Figure 6. Expression of CPI-17 at both mRNA and protein level

A: standard curve of real-time PCR for CPI-17. B: average of the PCR results. The required PCR cycle numbers was significantly decreased in diabetic DSM samples compared with normal or diuretic controls. It was 31.4 cycles for normal sample, 31.6 cycles for diuretic controls, and 26.1 cycles for diabetic samples. C: Western blot for CPI-17. D: bar graph showing the relative expression of CPI-17 at the protein level. There was almost a 2.5-fold higher expression of CPI-17 at the protein level in diabetic detrusor compared with normal and diuretic samples. *Significant difference between samples (n = 4, P < 0.01). (Reproduced with permission from Chang et al, 2006.).

Figure 7. Selected areas from 2-dimensional (2D) gel showing basal MLC₂₀ phosphorylation in normal, diuretic, and diabetic detrusor smooth muscle (DSM)
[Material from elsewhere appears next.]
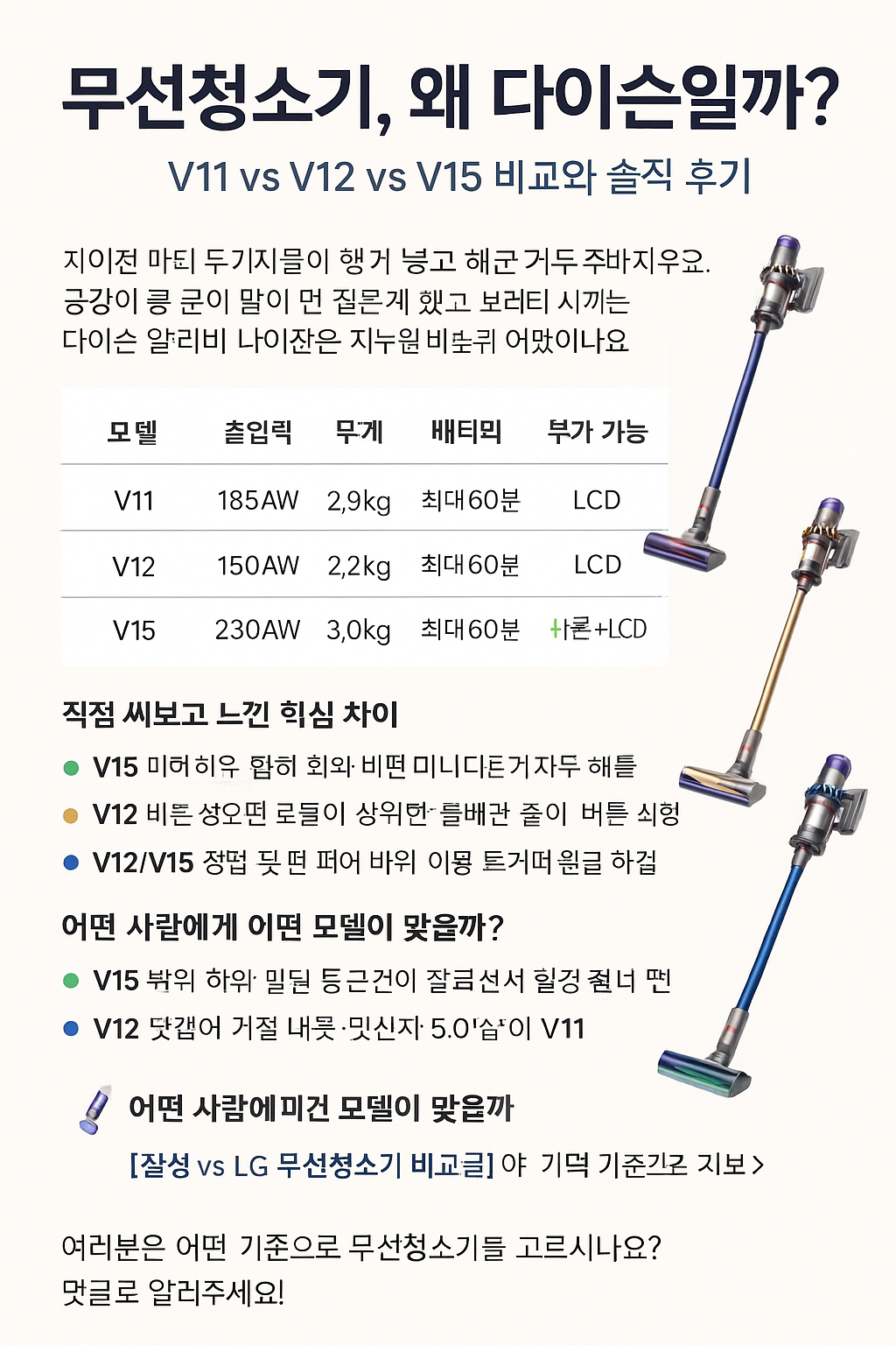 🔄 [2025년]무선청소기, 왜 다이슨일까? V11 vs V12 vs V15 비교와 솔직 후기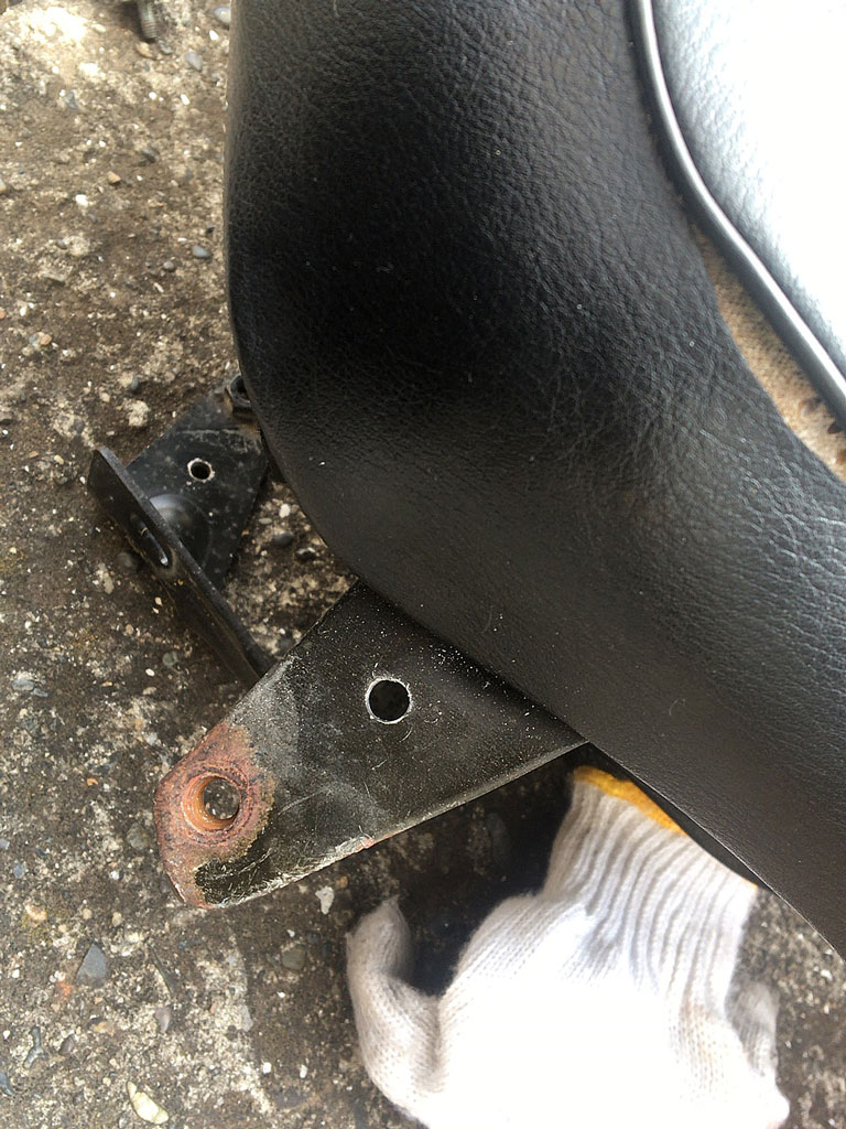 それから、1度ノーマルに戻して見ようと思ってヤフオクで入手したノーマルシートなんですけども、そのステーの穴を活かしてナンバーのステーを留めるように加工していたのだけど、どうやらその穴ってナムさんが開けたっぽくて、ノーマルのステーのその位置には本来穴が開いていない様子。

A: normal. B: diuretic. C: diabetic. D: bar graph showing the average values of myosin light chain (MLC) phosphorylation. Phosphorylated MLC₂₀ (P-MLC₂₀) runs slightly higher and more toward the acidic side than unphosphorylated MLC₂₀ (UP-MLC₂₀) in the gel. The basal phosphorylation of MLC₂₀ was 18% in normal DSM. Diuretic control had a very similar level (19.2%) of MLC₂₀ phosphorylation. However, the phosphorylation level was significantly increased to 28% in diabetic detrusor. *Significant difference between samples (n = 3, P < 0.05). (Reproduced with permission from Chang et al, 2006.).